思わず、不機嫌な様子で言ってしまう。いつもこうだ。だから、マティアス殿下と笑い合うこともなかった。でも、マティアス殿下と違うのは、ヴェイグ様は私から手を引かなくて……。

「本当ですか?」
「本当だ……それに、セレスティアは一人にしておけない」
「一人でも生きていけますよ?」
「無自覚なのか、強がっているのかよくわからんが……何かあれば、すぐに俺を呼べ」
「……ヴェイグ様が、近くにいなければどうするのですか?」
「どこにいても、見つけるから心配するな」

私の手を取ってくれるのは、きっとヴェイグ様だけだ。そう思うと、自分の秘密を話したくなる。でも、それは、カレディア国の重要機密に関わることで……。

「……キスをしてもいいか?」
「私を婚約者と思っているならいいですよ……」
「すぐに結婚したいと思っている……」

ヴェイグ様の男らしい指が私の唇を撫でると、そっとキスをされる。
切なくなる。私を恐れずに触れてくれるのは、ヴェイグ様だけなのだ。



真っ暗な部屋では、セレスティアが必死でやっていたパズルが完成していた。
そのセレスティアが腕の中で静かな寝息を立てて眠っている。

その背後から、闇が滲み出てきた。

「__セレスティアから出ていけ」

セレスティアを起こさないように、それでいて凄んで言うと、霧のような闇は夜に溶けるように消えていった。

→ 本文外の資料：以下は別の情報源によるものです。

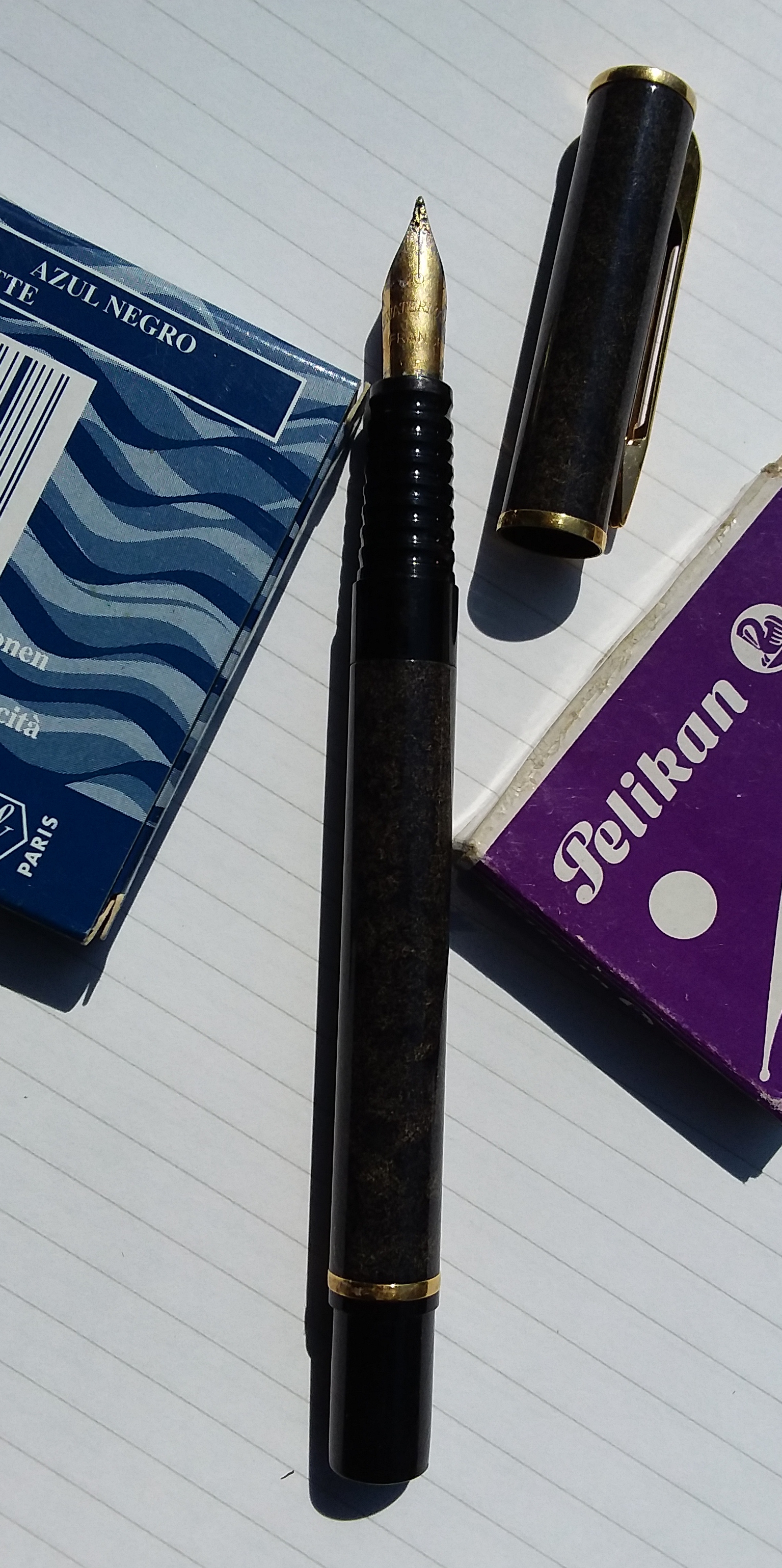 Questa presta il suo cappuccio alla 1 poiché il pennino della 1 è stato "modellato" dalla mia scrittura mentre il suo da quella di un altro. Ma uffa! Nonostante la luce non si nota la colorazione "marmorizzata".

セレスティアは、闇に触れている。セレスティアを連れて逃げてから、毎夜この闇が出て来ていた。しかも、本人は気づいてない。

可哀相なほど強いセレスティアに胸が痛む。
今も、何も頼ってくることすらしない。

「すまない……もっと早くに迎えに行くべきだった」

そう呟くと、セレスティアを想って抱いている手に力が入った。